С присущей решимостью и со всей искренностью любви молодая женщина была счастлива придать этому листку бумаги ценность векселя.
Господин Кумб стал размышлять; он крутил послание мадемуазель Риуф и так и сяк, как будто ей удалось утаить между строк какой-то важный смысл, который ему еще не удалось угадать. Каждое из своих движений он сдабривал проклятиями, полными то презрения, то ярости: первые — по поводу бесстыдства женщин, вторые — по поводу неблагодарности мужчин.
Вдруг он заметил постскриптум, чуть было не оставленный им без внимания из-за тонкого почерка писавшей.

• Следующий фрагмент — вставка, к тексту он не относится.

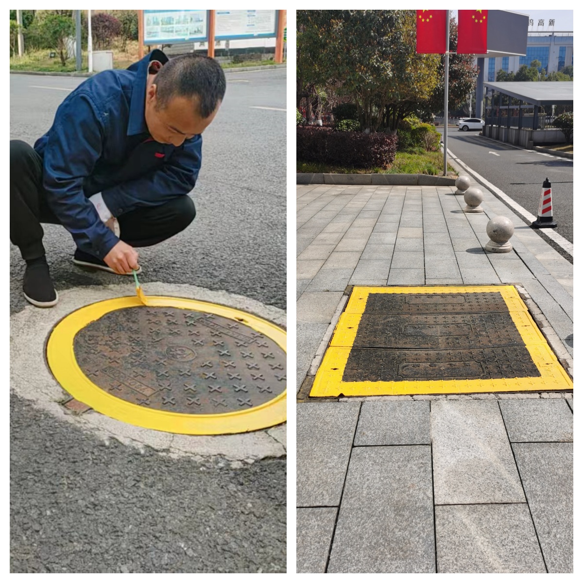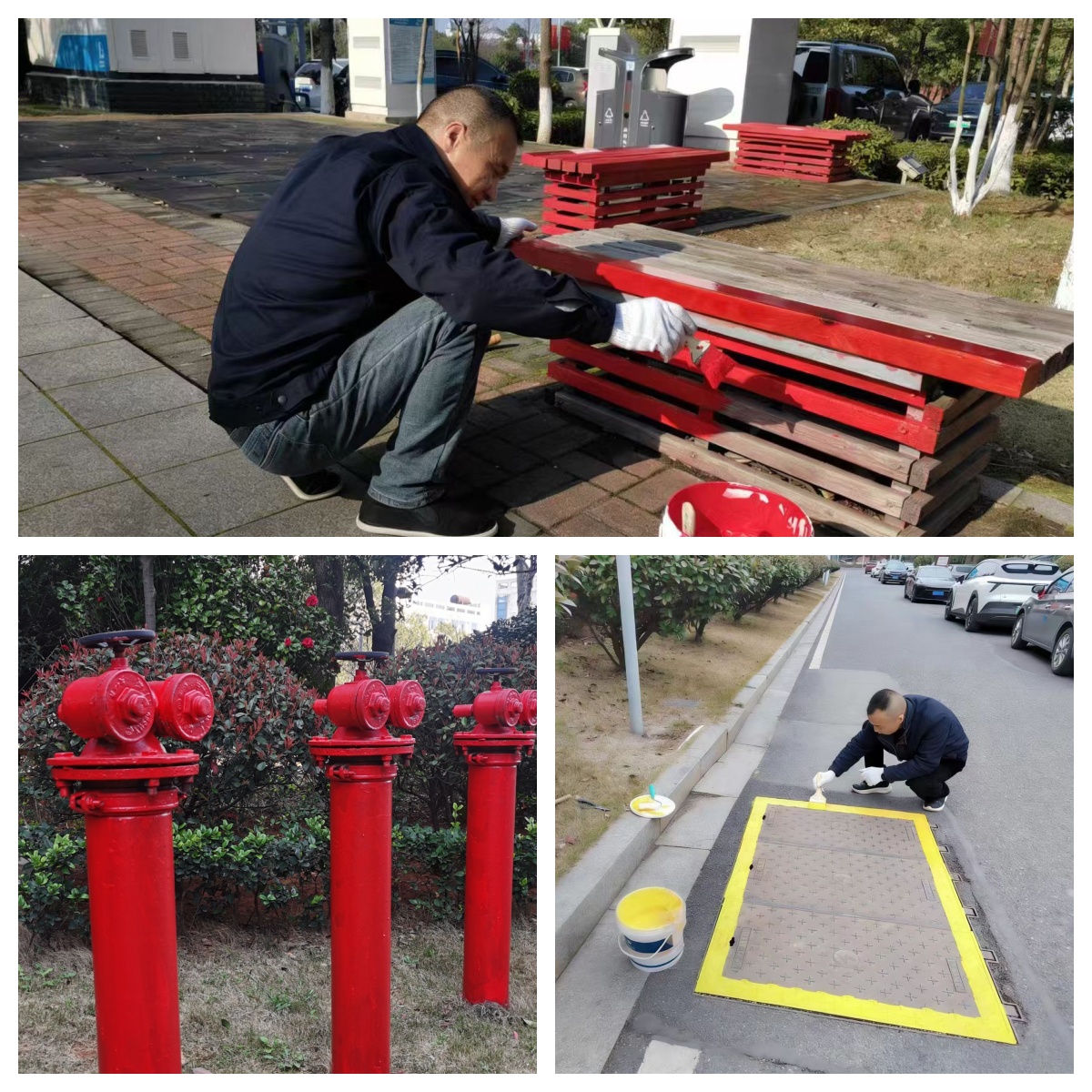 此次设施“微更新”聚焦于细微之处,重点对区域内室外消火栓、雨污水井盖、阀门井等易老化、易产生安全隐患的设施进行全面整治。作业过程中,物业维修人员严格遵循养护规范,先对设施表面进行打磨除锈、破损修补等预处理,再有序涂刷防锈底漆和表层标识漆。经过此番精心养护,原本锈迹斑驳的消火栓焕然一新,鲜亮的红色标识使其在应急情况下更易于辨识和启用;各类井盖也刷上了鲜明的彩漆,不仅延缓了金属材质的老化腐蚀,更对行人、车辆起到了显著的警示与引导作用。

«Только будьте как можно более осмотрительным, — добавляла мадемуазель Мадлен в конце письма. — Не показывайтесь даже вблизи нашей общей границы до тех пор, пока я не подготовлю Жана к своим желаниям; остерегайтесь завтра, в мое отсутствие, приходить в нашу дорогую рощицу, поскольку, по всей видимости, Ваш будущий шурин проведет в шале весь день, а также вечер».
На этот раз уже нельзя было принять язык мадемуазель Мадлен за мальгашский. Господин Кумб не знал, смеяться ему или плакать.
На самом деле он претерпевал и то и другое ощущение.
Как все эгоисты на свете, он не понимал, что в этом мире могло бы поколебать счастье, которое надлежало испытывать, выполняя то, что могло быть приятно ему самому. Он не думал о выгодах, какие проистекали бы для Мариуса из этого брака, столь далеко превосходящего его надежды; его заботило лишь то, что сам он называл предательством его воспитанника: оно казалось ему не только постыдным, но прежде всего преступным, и никакой вид наказания не мог быть слишком суровым, чтобы покарать за него. Думая об этом, г-н Кумб ощущал одновременно сожаление, полное горечи, и ярость, чреватую презрением.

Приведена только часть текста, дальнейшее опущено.